Un fait inédit pour un parti islamiste. Cette nouvelle donne a plongé la mouvance islamiste, celle affiliée à la confrérie des Frères musulmans, comme l'attestent les critiques acerbes du MSP en Algérie ou du mouvement Enahda en Tunisie. Ces deux derniers partis, appartenant eux aussi à la mouvance des Frères musulmans, n'ont certes pas attaqué directement le PJD, mais ont dénoncé cette normalisation avec des termes très crus. Les relations entre ces partis, qui étaient au beau fixe avant cette normalisation, ont subi du coup les conséquences de cette action politique largement dénoncée au niveau populaire au Maroc. En tout cas la crise chez la famille des Frères musulmans est visible. Pour preuve de cette tournure politique il n'y a qu'à voir la récente sortie politique du leader du parti Enahda en Tunisie. Rached Ghanouchi avait en effet invité son pays, la Libye et l'Algérie à ouvrir leurs frontières et instaurer une monnaie unique en vue de consolider leurs liens de fraternité. Le leader d'Enahda a exclu ainsi le Maroc de cette proposition a cause, dit-on, de la normalisation avec Israël. Cette proposition n'a pas été du goût des Marocains et des responsables du PJD l'ont critiqué.

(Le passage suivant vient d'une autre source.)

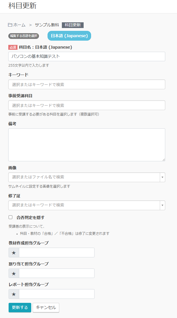 6.10 科目更新(SCORM) 管理者 基本機能 概要 教材は「教科-科目-教材」で構成され、科目は複数の教材をまとめているものです。 科目は学習者の受講の割当単位となります。 当該機能を利用できるのは、「教材・メディア管理」の権限を持つユーザーのみとなります。「教材作成担当グループ」「割り当て担当グループ」「レポート担当グループ」を設定できるのは、「科目担当グループ管理」の権限を持つユーザーのみとなります。「科目更新(SCORM)」画面では、SCORM形式の科目(教材)の登録情報を変更できます。 画面項目 科目名[必須] 科目の名称です。 全角/半角問わず、255文字まで入力できます。科目名のみ変更することが可能です。教材名を変更したい場合はお手数ですが、SCORMの再インポートをお願いいたします。 科目名:日本語以外の言語 本来、「サイト設定」で使用言語を複数設定した場合は、言語毎に科目名を登録できますが、SCORMにつきましては、日本語のみ編集することが可能です。 キーワード 更新する科目に付与するキーワードを指定します。 登録されているキーワードから指定するか、直接入力します。キーワードは一つの科目に100個まで指定できます。 事前受講科目 科目間の依存関係を変更する場合に指定します。事前受講科目が指定されている科目は、事前受講科目を修了しないと受講できません。事前受講科目の件数には制限ありません。 備考 科目の補足情報を変更できます。 全角/半角問わず、200文字まで入力できます。 画像 科目一覧(パネル)で表示される科目(SCORM)の画像です。 クリックすると登録されている画像がプルダウンで一覧表示されます。 画像名または画像名の一部を入力すると、条件を満たした画像のみプルダウン表示されます。 指定した画像の「×」ボタンをクリックすると、画像の指定がクリアされます。 修了証 科目(SCORM)のステータスが「修了」または「合格」の時に表示する修了証です。 クリックすると登録されている修了証がプルダウンで一覧表示されます。 修了証名の一部を入力すると、条件を満たした修了証のみプルダウン表示されます。 指定した修了証の「×」ボタンをクリックすると、修了証の指定がクリアされます。 合否判定を隠す この項目にチェックを付けると、学習者の画面には、ステータスの「合格」/「不合格」が「修了」と表示されるようになります。 また、スコアについても表示されなくなります。学習者に合否を表示させたくない場合にご使用ください。学習者の画面表示のみ変更されます。実際のステータスや得点は、管理者の「レポート」から確認する事が可能です。学習者画面の表示の変更箇所は、以下の通りです。なお、本設定を適用した場合でもSCORM教材自体の挙動は変わりません。科目一覧 科目のステータスの「合格」/「不合格」が「修了」と表示されます。レポート(科目) 科目のステータスの「合格」/「不合格」が「修了」と表示されます。レポート(教材) 教材のステータスの「合格」/「不合格」が「修了」と表示されます。 「正答率」が表示されません。 「詳細」ボタンが表示されません。 教材作成担当グループ 教材作成を担当するグループのグループ名を指定します。クリックして表示される階層表示でグループを指定します。【教材設定担当の表示】を押下することで表示されます。権限に「所属配下ユーザーのみ管理する」が設定されているユーザーの場合、自身の所属するグループ及び配下のグループのみ指定できます。「科目担当グループ管理」の権限を持つユーザーのみ表示されます。 割り当て担当グループ 割り当てを担当するグループのグループ名を指定します。クリックして表示される階層表示でグループを指定します。【教材設定担当の表示】を押下することで表示されます。権限に「所属配下ユーザーのみ管理する」が設定されているユーザーの場合、自身の所属するグループ及び配下のグループのみ指定できます。「科目担当グループ管理」の権限を持つユーザーのみ表示されます。 レポート担当グループ レポートを担当するグループのグループ名を指定します。クリックして表示される階層表示でグループを指定します。【教材設定担当の表示】を押下することで表示されます。権限に「所属配下ユーザーのみ管理する」が設定されているユーザーの場合、自身の所属するグループ及び配下のグループのみ指定できます。「科目担当グループ管理」の権限を持つユーザーのみ表示されます。 操作 事前受講科目 クリックすると登録されている科目のうち事前受講科目として設定可能な科目がすべて表示されます。 自分自身および自分自身が事前受講科目として設定されている科目は事前受講科目として指定できません。 キーワードを入力すると、指定したキーワードを含む科目が表示されます。 該当科目が共有設定されている場合に選択できる科目は、同様に共有設定がされており、共有先のサイトが

Comme c'est le cas d'Abdelaziz Aftani qui a indiqué que "Ghanouchi est sous la pression des événements difficiles qui secouent la Tunisie et ces déclarations sont inopportunes".Mais en Algérie les déclarations de Rached Ghanouchi ont été défendues et soutenues. e chef de file du MSP, Abderazak Makri, a clairement indiqué que son parti soutient le leader tunisien. Dans une conférence de presse, tenue hier, Makri a appelé à l'exclusion du Maroc de l'UMA en précisant que "le Maroc a introduit Israël dans la région et on ne peut lui faire confiance". C'est dire que la crise est une évidence et elle risque même de connaître d'autres développements.